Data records
────────────────────

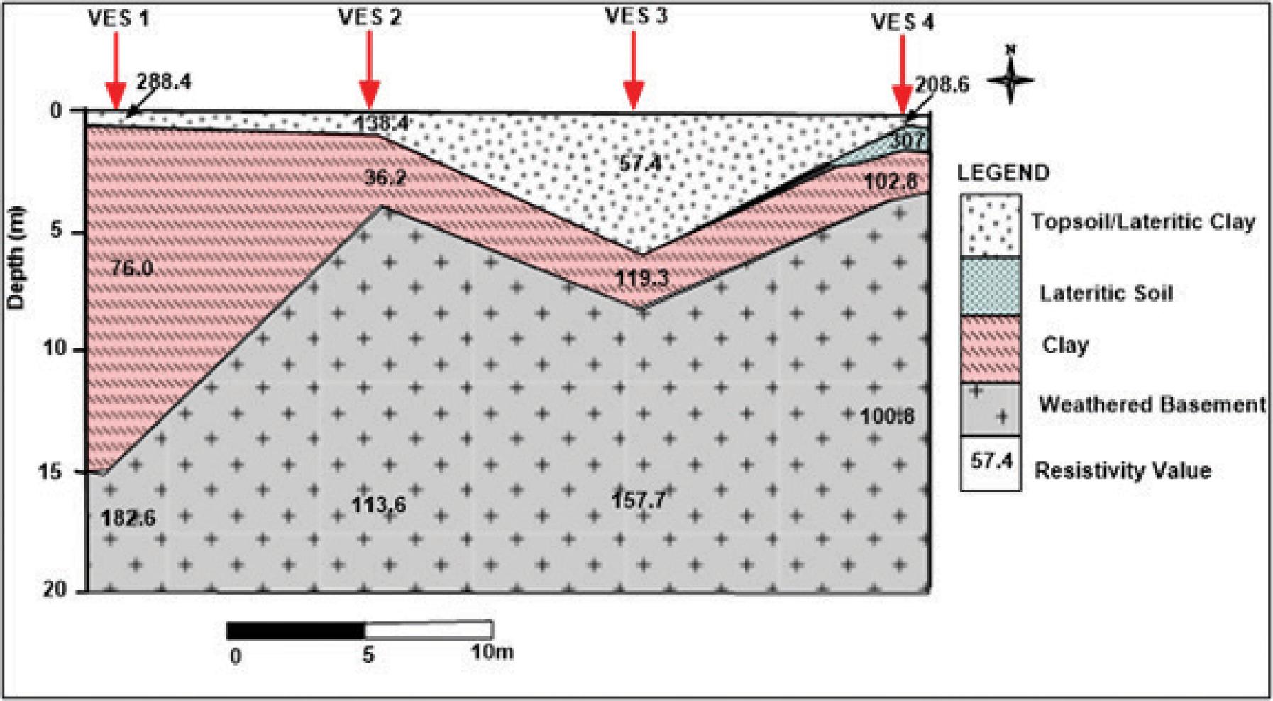 The weathered/fractured basement is revealed at varying depths ranging from 4.0 to 15.0 m with a resistivity spectrum of 100.8 to 182.6 Ωm. This affirms a system of linear geological structures prescribed by the VLF-EM profile. The generally low resistivity values indicate low bearing capacity. Transmitting load to this layer may induce differential settlement of the pavement structure and precipitate failure [3, 7, 9].
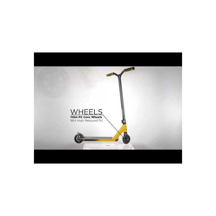 The Rampage R1 stunt scooter is a great entry level stunt scooter. Ideal for beginners to drop into scootering and develop their skills. It has a great spec and has plenty of deck space for mastering technique. The R1 comes with gusseted Y bars, High tensile fork, IHC compression, and larger 110mm super high rebound wheels.
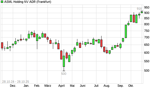 Mit dem Anstieg auf 908,00 EUR hat die ASML-Aktie (ISIN USN070592100) am 27.10.2025 ein neues 12-Monats-Hoch erreicht und damit den Kurs vom 20.10.2025 eingestellt.
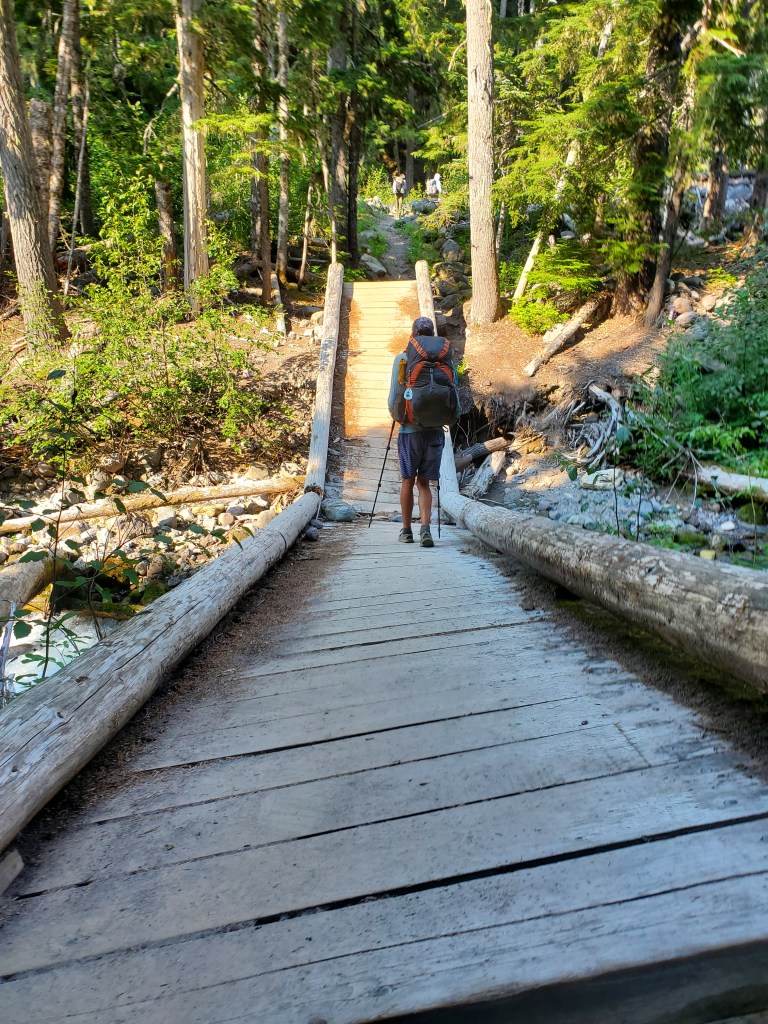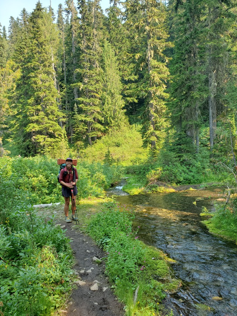 We were moving at 7:30 am. It was an easy morning as the trail descended gently along the Vista Creek. The old growth was becoming more frequent, especially near the Suiattle River. Western red-cedars and Douglas-firs stood 8 feet wide.
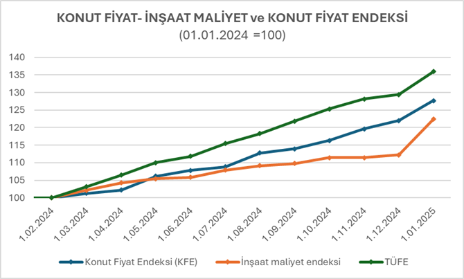 Verileri yorumlayan Denge Değerleme Genel Müdür Yardımcısı Ahmet Arslan, “Bugün TÜİK tarafından açıklanan İnşaat Maliyet Endeksi, yılın ilk ayında işçilik maliyetindeki artış sebebiyle yüksek artış gösterdi. Ancak son bir yıllık verilere bakıldığında hem enflasyonun hem de konut fiyatlarının altında seyir izlediği görülmektedir.” dedi.
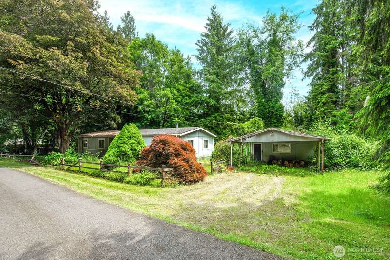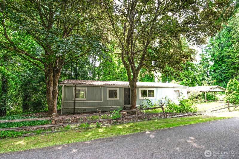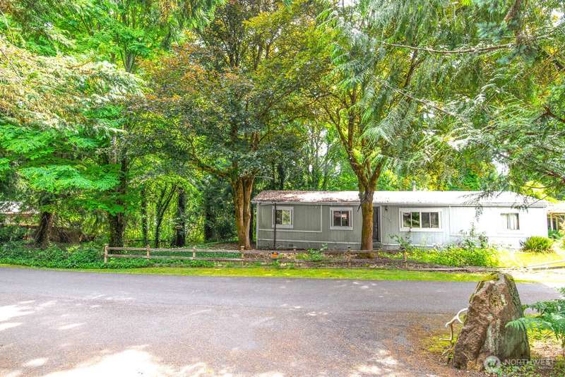 Quiet and private, yet close to town and top-rated schools. This 0.97-acre lot sits at the end of a dead-end street and includes a 1,720 sq ft manufactured home. Options abound, remove the existing home and build new, or renovate the current residence. It’s a great opportunity for a fix-and-flip, investment, or creating your own private retreat.The home features an en-suite primary bedroom, two spacious additional bedrooms, an open kitchen and dining area, and a large family room with vaulted ceilings. Conveniently located just minutes from Mill Creek, Bothell, and Woodinville, and within the highly sought-after Northshore School District. Ruby Bridges Elementary is just blocks away, and North Creek High School is a short drive. Sold as-is.

────────────────────

### Your objective:
Print, exactly as written, the lines above from the first one to the one containing "Mit dem Anstieg". Leave out pictures.

### Exercise answer:
 The weathered/fractured basement is revealed at varying depths ranging from 4.0 to 15.0 m with a resistivity spectrum of 100.8 to 182.6 Ωm. This affirms a system of linear geological structures prescribed by the VLF-EM profile. The generally low resistivity values indicate low bearing capacity. Transmitting load to this layer may induce differential settlement of the pavement structure and precipitate failure [3, 7, 9].
 The Rampage R1 stunt scooter is a great entry level stunt scooter. Ideal for beginners to drop into scootering and develop their skills. It has a great spec and has plenty of deck space for mastering technique. The R1 comes with gusseted Y bars, High tensile fork, IHC compression, and larger 110mm super high rebound wheels.
 Mit dem Anstieg auf 908,00 EUR hat die ASML-Aktie (ISIN USN070592100) am 27.10.2025 ein neues 12-Monats-Hoch erreicht und damit den Kurs vom 20.10.2025 eingestellt.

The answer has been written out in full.